Metamath Proof Explorer

Theorem rngohomf

Description: A ring homomorphism is a function. (Contributed by Jeff Madsen, 19-Jun-2010)

Ref Expression
Hypotheses rnghomf.1 
|- G = ( 1st ` R )
rnghomf.2 
|- X = ran G
rnghomf.3 
|- J = ( 1st ` S )
rnghomf.4 
|- Y = ran J
Assertion rngohomf 
|- ( ( R e. RingOps /\ S e. RingOps /\ F e. ( R RngHom S ) ) -> F : X --> Y )

Proof

Step Hyp Ref Expression
1 rnghomf.1 
 |-  G = ( 1st ` R )
2 rnghomf.2 
 |-  X = ran G
3 rnghomf.3 
 |-  J = ( 1st ` S )
4 rnghomf.4 
 |-  Y = ran J
5 eqid 
 |-  ( 2nd ` R ) = ( 2nd ` R )
6 eqid 
 |-  ( GId ` ( 2nd ` R ) ) = ( GId ` ( 2nd ` R ) )
7 eqid 
 |-  ( 2nd ` S ) = ( 2nd ` S )
8 eqid 
 |-  ( GId ` ( 2nd ` S ) ) = ( GId ` ( 2nd ` S ) )
9 1 5 2 6 3 7 4 8 isrngohom 
 |-  ( ( R e.

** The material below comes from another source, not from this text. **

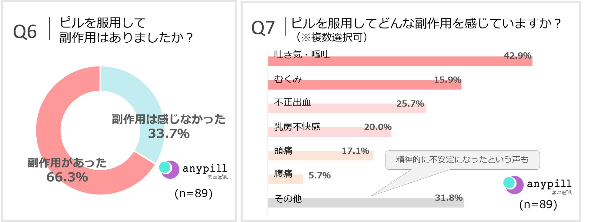 ・ピルを服用した方の6割が「吐き気」「むくみ」など何かしらの副作用を感じている

RingOps /\ S e. RingOps ) -> ( F e. ( R RngHom S ) <-> ( F : X --> Y /\ ( F ` ( GId ` ( 2nd ` R ) ) ) = ( GId ` ( 2nd ` S ) ) /\ A. x e. X A. y e. X ( ( F ` ( x G y ) ) = ( ( F ` x ) J ( F ` y ) ) /\ ( F ` ( x ( 2nd ` R ) y ) ) = ( ( F ` x ) ( 2nd ` S ) ( F ` y ) ) ) ) ) )
10 9 biimpa 
 |-  ( ( ( R e. RingOps /\ S e. RingOps ) /\ F e. ( R RngHom S ) ) -> ( F : X --> Y /\ ( F ` ( GId ` ( 2nd ` R ) ) ) = ( GId ` ( 2nd ` S ) ) /\ A. x e. X A. y e. X ( ( F ` ( x G y ) ) = ( ( F ` x ) J ( F ` y ) ) /\ ( F ` ( x ( 2nd ` R ) y ) ) = ( ( F ` x ) ( 2nd ` S ) ( F ` y ) ) ) ) )
11 10 simp1d 
 |-  ( ( ( R e. RingOps /\ S e. RingOps ) /\ F e. ( R RngHom S ) ) -> F : X --> Y )
12 11 3impa 
 |-  ( ( R e. RingOps /\ S e. RingOps /\ F e. ( R RngHom S ) ) -> F : X --> Y )